Work instruction
Starting at the line below with "경기 화성시는 4일 나래울종합사회복지관에서" and stopping at the line with "Nevýhodou svícení z", please print each line exactly, those two included, and skip every picture.

Data for processing

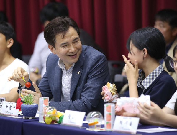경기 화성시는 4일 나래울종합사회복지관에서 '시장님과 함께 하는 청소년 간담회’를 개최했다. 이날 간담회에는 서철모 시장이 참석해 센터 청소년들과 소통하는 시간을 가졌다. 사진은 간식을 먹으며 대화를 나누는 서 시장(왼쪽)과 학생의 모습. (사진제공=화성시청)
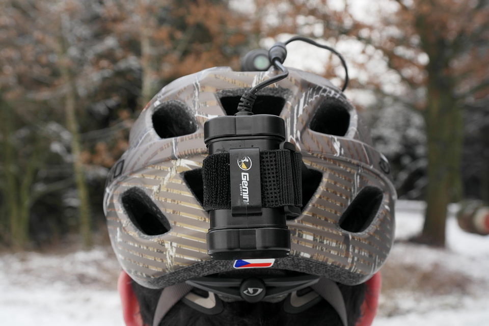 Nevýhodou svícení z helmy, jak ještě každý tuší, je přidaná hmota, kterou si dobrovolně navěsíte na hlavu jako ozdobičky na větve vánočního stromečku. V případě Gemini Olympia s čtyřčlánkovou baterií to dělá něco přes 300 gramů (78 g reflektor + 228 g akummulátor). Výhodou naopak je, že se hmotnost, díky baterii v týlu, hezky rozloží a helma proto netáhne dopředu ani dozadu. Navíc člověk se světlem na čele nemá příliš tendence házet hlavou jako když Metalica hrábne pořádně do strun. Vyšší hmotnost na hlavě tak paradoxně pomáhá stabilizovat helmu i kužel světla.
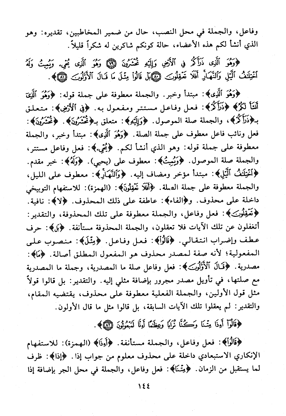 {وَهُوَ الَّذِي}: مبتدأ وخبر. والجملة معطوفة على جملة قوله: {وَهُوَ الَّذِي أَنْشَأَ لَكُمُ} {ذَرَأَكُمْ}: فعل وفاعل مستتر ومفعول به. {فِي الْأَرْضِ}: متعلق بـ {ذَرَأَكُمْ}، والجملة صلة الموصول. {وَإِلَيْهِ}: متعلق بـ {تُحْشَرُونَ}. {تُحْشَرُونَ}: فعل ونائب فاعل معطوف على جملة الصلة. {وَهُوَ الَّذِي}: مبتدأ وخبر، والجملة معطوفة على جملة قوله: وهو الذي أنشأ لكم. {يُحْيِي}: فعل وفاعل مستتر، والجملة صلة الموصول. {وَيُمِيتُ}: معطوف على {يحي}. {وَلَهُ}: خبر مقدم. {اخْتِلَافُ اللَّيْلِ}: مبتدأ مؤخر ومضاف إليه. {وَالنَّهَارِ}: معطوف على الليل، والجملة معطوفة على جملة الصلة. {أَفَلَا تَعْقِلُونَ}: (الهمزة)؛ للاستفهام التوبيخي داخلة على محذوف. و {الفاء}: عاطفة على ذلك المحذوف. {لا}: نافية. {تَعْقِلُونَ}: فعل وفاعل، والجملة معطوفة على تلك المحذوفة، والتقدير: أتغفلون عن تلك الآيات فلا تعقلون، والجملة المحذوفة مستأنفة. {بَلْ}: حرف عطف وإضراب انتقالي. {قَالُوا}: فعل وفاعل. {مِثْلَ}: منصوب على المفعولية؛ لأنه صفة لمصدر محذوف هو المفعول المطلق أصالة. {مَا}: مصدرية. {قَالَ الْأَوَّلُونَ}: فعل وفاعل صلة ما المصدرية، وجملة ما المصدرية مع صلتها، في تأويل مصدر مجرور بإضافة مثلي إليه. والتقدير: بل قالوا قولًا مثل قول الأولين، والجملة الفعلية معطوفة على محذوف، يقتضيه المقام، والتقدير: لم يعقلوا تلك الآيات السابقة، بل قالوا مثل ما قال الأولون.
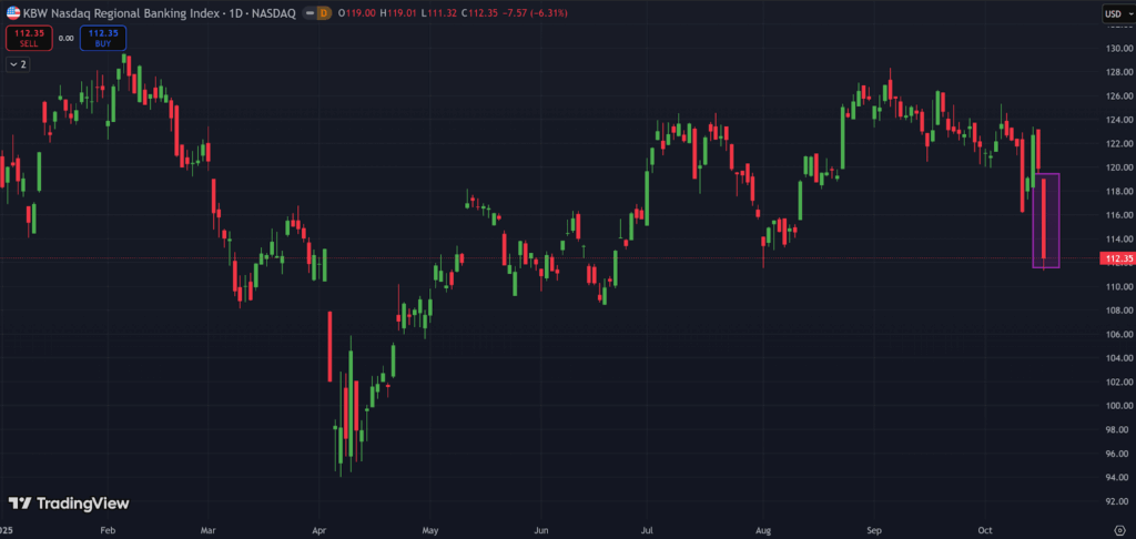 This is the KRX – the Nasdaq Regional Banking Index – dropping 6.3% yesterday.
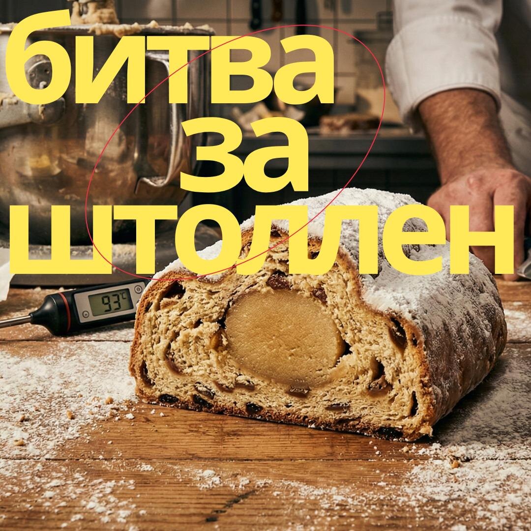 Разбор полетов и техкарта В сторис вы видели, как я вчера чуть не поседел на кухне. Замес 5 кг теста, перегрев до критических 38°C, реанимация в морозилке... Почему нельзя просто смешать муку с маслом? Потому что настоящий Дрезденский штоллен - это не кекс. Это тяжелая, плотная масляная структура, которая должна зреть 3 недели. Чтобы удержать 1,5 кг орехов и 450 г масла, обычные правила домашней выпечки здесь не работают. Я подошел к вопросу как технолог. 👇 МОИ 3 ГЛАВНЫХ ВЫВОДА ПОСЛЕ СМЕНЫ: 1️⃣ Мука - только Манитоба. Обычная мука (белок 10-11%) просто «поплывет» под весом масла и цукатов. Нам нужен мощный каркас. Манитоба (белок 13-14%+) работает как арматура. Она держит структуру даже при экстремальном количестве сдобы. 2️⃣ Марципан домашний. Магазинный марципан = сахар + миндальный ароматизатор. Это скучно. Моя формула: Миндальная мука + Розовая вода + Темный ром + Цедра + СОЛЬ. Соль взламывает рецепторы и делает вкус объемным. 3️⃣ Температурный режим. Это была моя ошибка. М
...
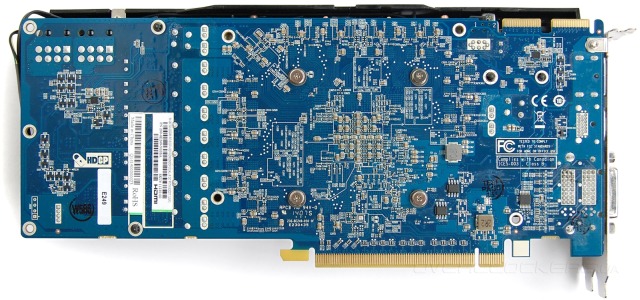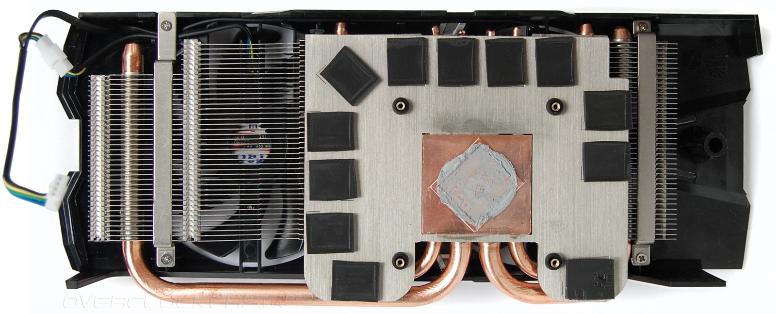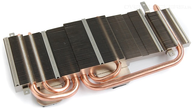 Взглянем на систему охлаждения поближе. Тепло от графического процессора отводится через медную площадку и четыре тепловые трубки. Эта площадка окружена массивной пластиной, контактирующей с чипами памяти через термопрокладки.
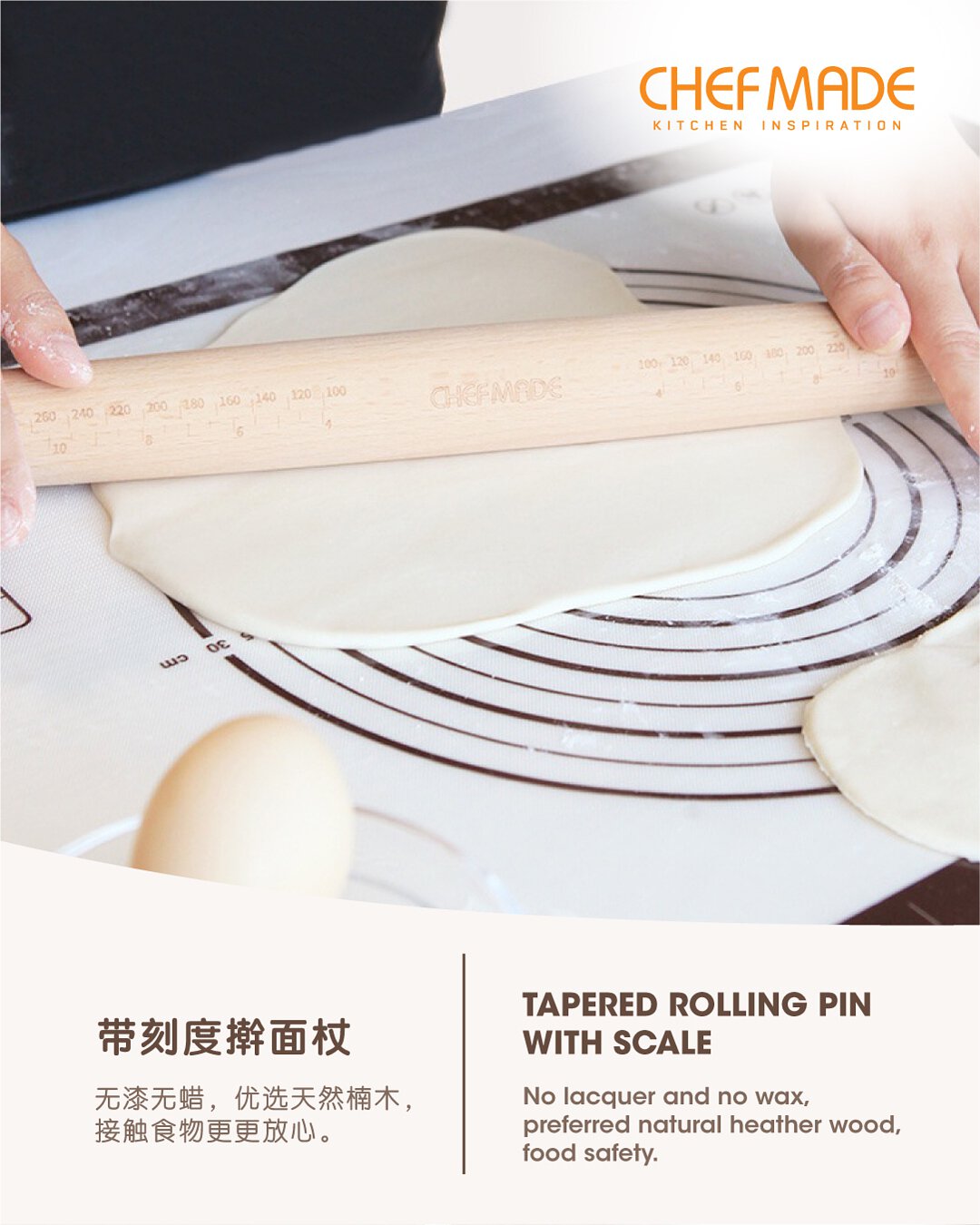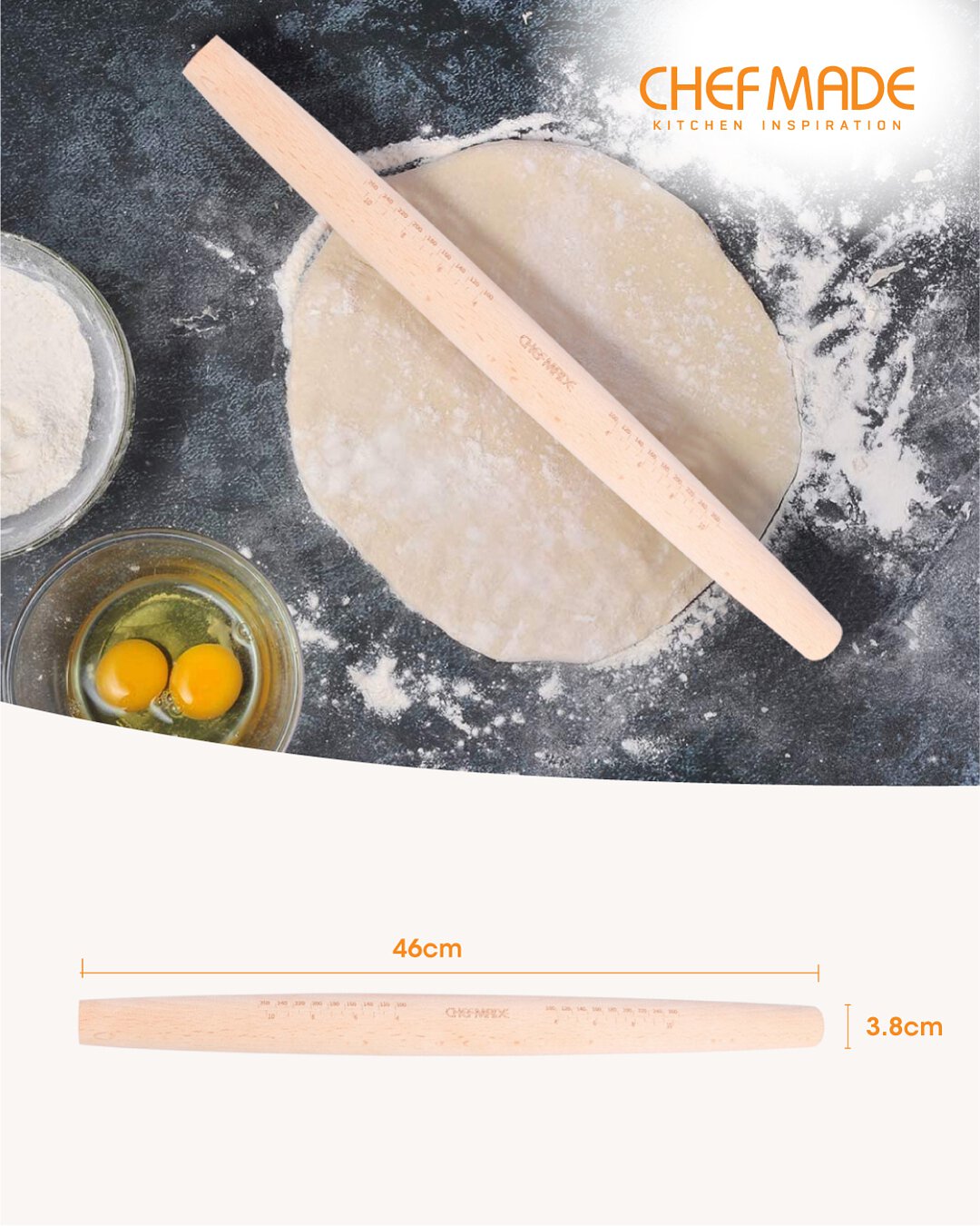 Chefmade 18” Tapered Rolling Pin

Output
경기 화성시는 4일 나래울종합사회복지관에서 '시장님과 함께 하는 청소년 간담회’를 개최했다. 이날 간담회에는 서철모 시장이 참석해 센터 청소년들과 소통하는 시간을 가졌다. 사진은 간식을 먹으며 대화를 나누는 서 시장(왼쪽)과 학생의 모습. (사진제공=화성시청)
 Nevýhodou svícení z helmy, jak ještě každý tuší, je přidaná hmota, kterou si dobrovolně navěsíte na hlavu jako ozdobičky na větve vánočního stromečku. V případě Gemini Olympia s čtyřčlánkovou baterií to dělá něco přes 300 gramů (78 g reflektor + 228 g akummulátor). Výhodou naopak je, že se hmotnost, díky baterii v týlu, hezky rozloží a helma proto netáhne dopředu ani dozadu. Navíc člověk se světlem na čele nemá příliš tendence házet hlavou jako když Metalica hrábne pořádně do strun. Vyšší hmotnost na hlavě tak paradoxně pomáhá stabilizovat helmu i kužel světla.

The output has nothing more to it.